Analysis of gene expression data regulated by clock-genes: methodological approach and optimization

• Published in: Pathologie biologie (Paris) Vol. 61; no. 5; pp. e89 - e95
• Main Authors: Vuillaume, M-L, Kwiatkowski, F, Uhrhammer, N, Bidet, Y, Bignon, Y-J
• Format: Journal Article
• Language: French
• Published: France 01.10.2013
• Subjects: Carotenoids; Circadian Rhythm - genetics; Gene Expression Regulation; Genes, BRCA1; Humans; Mutation; Period Circadian Proteins - genetics; Corrélation; Correlation; Methodology; Transcriptom; Clock-gene; Transcriptome; Circadien; Gène du rythme; Circadian; Méthodologie
• ISSN: 1768-3114
• DOI: 10.1016/j.patbio.2010.12.001

In microarray data, wide-scale correlations are numerous and increase the number of genes correlated to a test condition (phenotype, mutation status, etc.) either positively or negatively. Several methods have been developed to limit the effect of such correlations on the false discovery rate, but these may reject too many genes that have a mild or indirect impact on the studied condition. We propose here a simple methodology to correct this spurious effect without eliminating weak but true correlations. This methodology was applied to a microarray dataset designed to distinguish heterozygous BRCA1 mutation carriers from non-carriers. As our samples were collected at different times in the morning, we evaluated the effect of correlations due to circadian rhythm. The circadian system is a well-known correlation network, regulated by a small number of period genes whose expression varies throughout the day in predictable ways.
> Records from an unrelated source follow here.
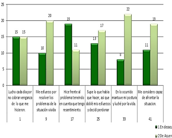 Se destaca de manera general en los resultados obtenidos que la mitad de los encuestados no experimentan sentimientos relacionados con la venganza frente a los hechos vividos, sin embargo la otra mitad de población lucha por no albergar resentimientos, la mayoría de los encuestados luchan constantemente por mejorar su vida, afrontaron la situación y se esfuerzan por resolver las problemáticas que se generaron después de los hechos ocurridos.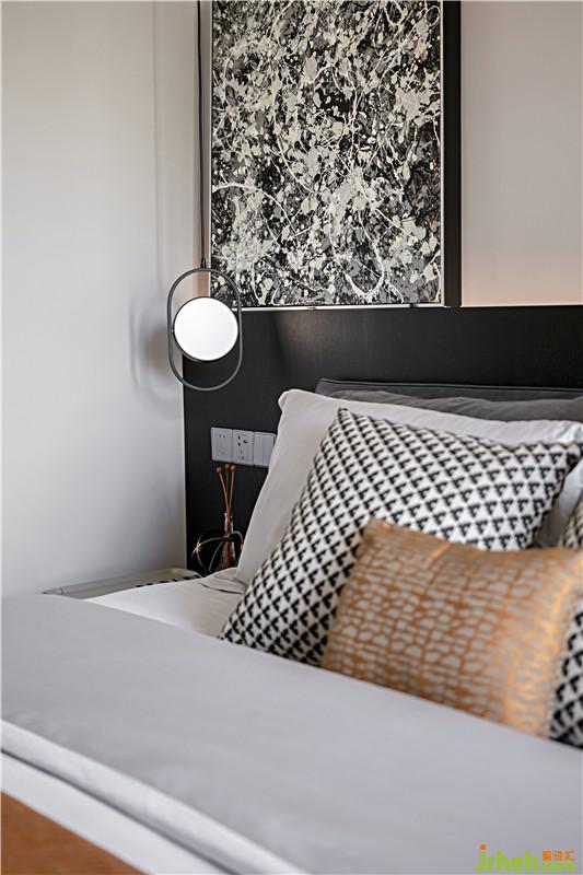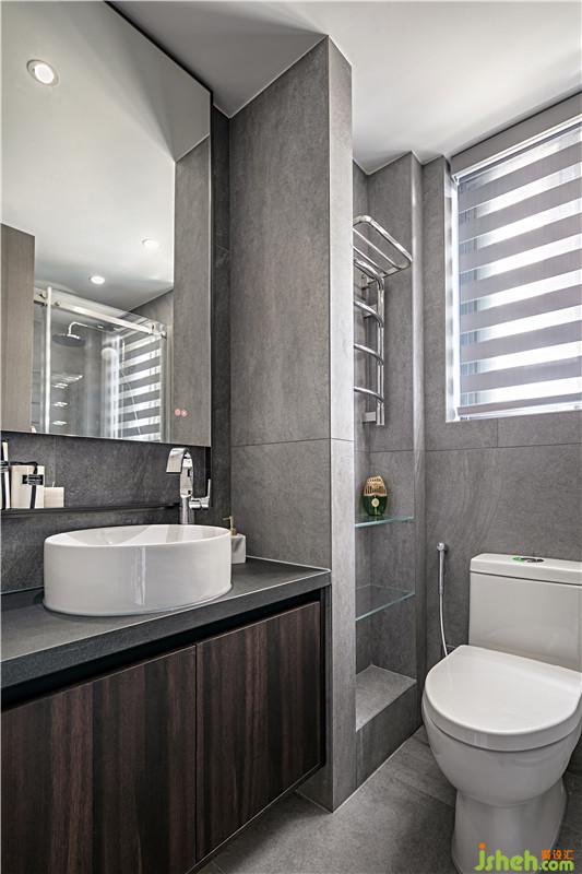 主衛(wèi)配合整體的設(shè)計格調(diào)——水泥灰色磚墻,紅褐色煙熏拉絲實木柜,還有幾處純白色裝置,簡單卻也別有一番清爽自然。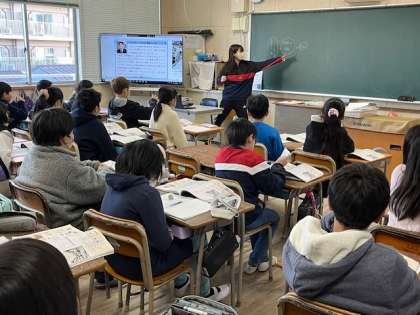 1月17日(水)1時間目、5年2組は社会科で天候などの予測情報をもとに製品の作る量を決めている会社について学習していました。

The downstream effects of this variation on the expression of other genes, however, are incompletely characterized. We used two different strategies to correct this correlation bias, by either dividing or multiplying the expression of correlated genes by the expression of the considered period gene according to the sign of the correlation between the period gene and correlated gene (respectively positive or negative). We observed a linear relationship between the number of false-positive/negative genes and the strength of the correlation of the candidate gene to the test condition. BRCA1 was highly correlated to the period gene Per1; our correction methodology enabled us to recover genes coding for BRCA1-interacting proteins which were not selected in the initial direct analysis. This methodology may be valuable for other studies and can be applied very easily in case of well-known correlation networks.